- Title card
- Directed by: P. Vasu
- Written by: P. Vasu
- Produced by: M. Kesavan
- Starring: Bala Charmy Kaur
- Cinematography: M. Kesavan
- Edited by: K. R. Selvaraj
- Music by: Vidyasagar
- Production company: Super Star Art Movies
- Release date: 18 July 2003;
- Running time: 143 minutes
- Country: India
- Language: Tamil

= Kadhal Kisu Kisu =

Kadhal Kisu Kisu is a 2003 Indian Tamil-language romantic action comedy film written and directed by P. Vasu. The film stars Bala and Charmy Kaur, while Manivannan, Kalabhavan Mani and Vivek play supporting roles. The film produced by Kesavan, had music scored by Vidyasagar. The film was released on 18 July 2003 to below average collections.

== Plot ==

Sriram is the only son of his parents. The family is settled in Malaysia and Sriram studies in a college. Indu is the daughter of a rich businessman Karunakaran and she is Sriram's classmate. Karunakaran is short tempered and never trusts his own daughter. He always fears that Indu would fall in love with someone which makes him very strict with her always.

One day, Indu's classmates plan to throw a surprise birthday party to her. But Karunakaran arrives during the time of the party which shocks Indu. One of her classmate foulplays by sending her a gift in the name of Sriram, which is seen by Karunakaran. Now Karunakaran suspects that Indu is in love with Sriram, but Indu denies that, which Karunakaran does not believe. Karunakaran plans to get Indu married to a rich guy.

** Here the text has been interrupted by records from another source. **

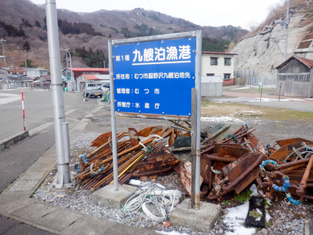 真冬に訪れる観光客はもちろん、人っ子一人誰もおらず寒々しくシ〜ンと静まり返った九艘泊漁港。今でこそ立派な道が通じていますが、江戸時代は当時の書物に「ここから脇野沢までは1里半の海上なり」と記述されるほどの僻遠地だったそうで、藩政時代の九艘泊は藩の遠追放地にされていたらしいです。 しかし、隣接する津軽藩領および陸奥湾水域の見通しに便利であったため、交通の不便な地であるにもかかわらず、陸奥湾の出入口に位置する九艘泊には古くから船の出入りが多かったらしいです。 |
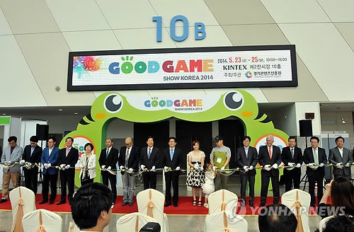 | △ "기능성 게임 신기하네"…굿 게임쇼 코리아 개막 (수원=연합뉴스) 경기콘텐츠진흥원이 주최하는 '굿 게임쇼 코리아 2014'가 23일 경기도 고양시 일산 킨텍스 제2전시장 10홀에서 개막했다. 김문수 경기지사 등 게임업계 관계자들이 개막식에서 테이프 커팅을 하고 있다. 2014.5.23 <<지방기사 참고>> hedgehog@yna.co.kr |
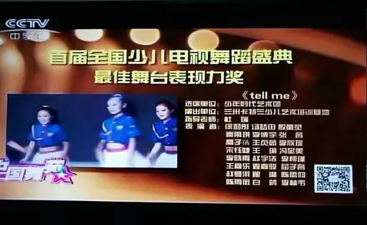 流行舞蹈《I don’t cdre》和《teII  me》荣获2015年中央电视台中学生频道举办的CCTV“首届全国少儿舞蹈盛典”比赛“最佳编导奖”和“最佳舞台表现力奖”

But Indu gets to know that the groom is a murderer and shows no interest in the wedding proposal which further angers Karunakaran.

A few other incidents happen by coincidence which makes Karunakaran believe that Indu and Sriram are in love. Karunakaran threatens Sriram's father asking him to control his son. When Sriram's father enquires about this, Sriram promises that he does not love anyone and he would marry only the girl selected by his parents. But Karunakaran's doubts still persist and he beats Sriram's father's shop one day. Sriram's father gets frightened and requests Sriram to leave the town for a few days so that Karunakaran does not harm Sriram.

Sriram agrees and decides to move to a nearby town. To his surprise, Indu also boards the same bus in which Sriram is travelling. Indu has decided to run away from her home as she could not bear her father's torture. Now Karunakaran again misunderstands that Sriram and Indu have eloped together and chases them.

Sriram and Indu get down from the bus to safeguard their lives and run towards to a forest. They stay for a few days in the forest as they didn't know the way to get out from there. Finally, Sriram and Indu manage to return. In the meantime, Karunakaran has lodged a complaint that Indu was kidnapped by Sriram. The couple reaches the court and reveals that no one was kidnapped and they also make it clear that they are not in love and all the happenings are mere coincidence.

Finally, Karunakaran realises his mistake and understands the Sriram's good intention of only marrying a girl selected by his parents and also feels bad about his rude behaviour towards his daughter. He also expresses interest to get Indu married to Sriram as he will not be able to find a better match than him. The film ends with both Indu and Sriram getting united.

== Soundtrack ==
Soundtrack was composed by Vidyasagar.

| Song | Singers | Lyrics |
| "Aalum Velum" | Tippu, Udit Narayan | Na. Muthukumar |
| "Adadaa" | Manikka Vinayagam, Karthik |
| "Chinna Chinnathai" | S. P. Balasubrahmanyam, Mano, Jayashri | P. Vijay |
| "Kabadi Kabadi" | Karthik, Tippu, Ganga, Pop Shalini, Febi Mani |
| "Kadhal Arimugama" | Vijay Prakash, Sujatha | Kabilan |
| "Kadhal Kisu Kisu" | Tippu, Premji Amaren | Kamakodiyan |

== Reception ==
Malathi Rangarajan of The Hindu gave the film a below-average review, noting "it is not that the director does not have a message for the viewer. He does, but the faulty approach to the theme takes the film far away from the mark." Malini Mannath of Chennai Online wrote, "The knot had the potential, but with the director depending on a whole series of co-incidences to carry forward his story, there's not much surprise or exciting viewing for the audience". Sify called it "another heartless love story which is far from entertaining. And post interval the film is slow and has a predictable climax".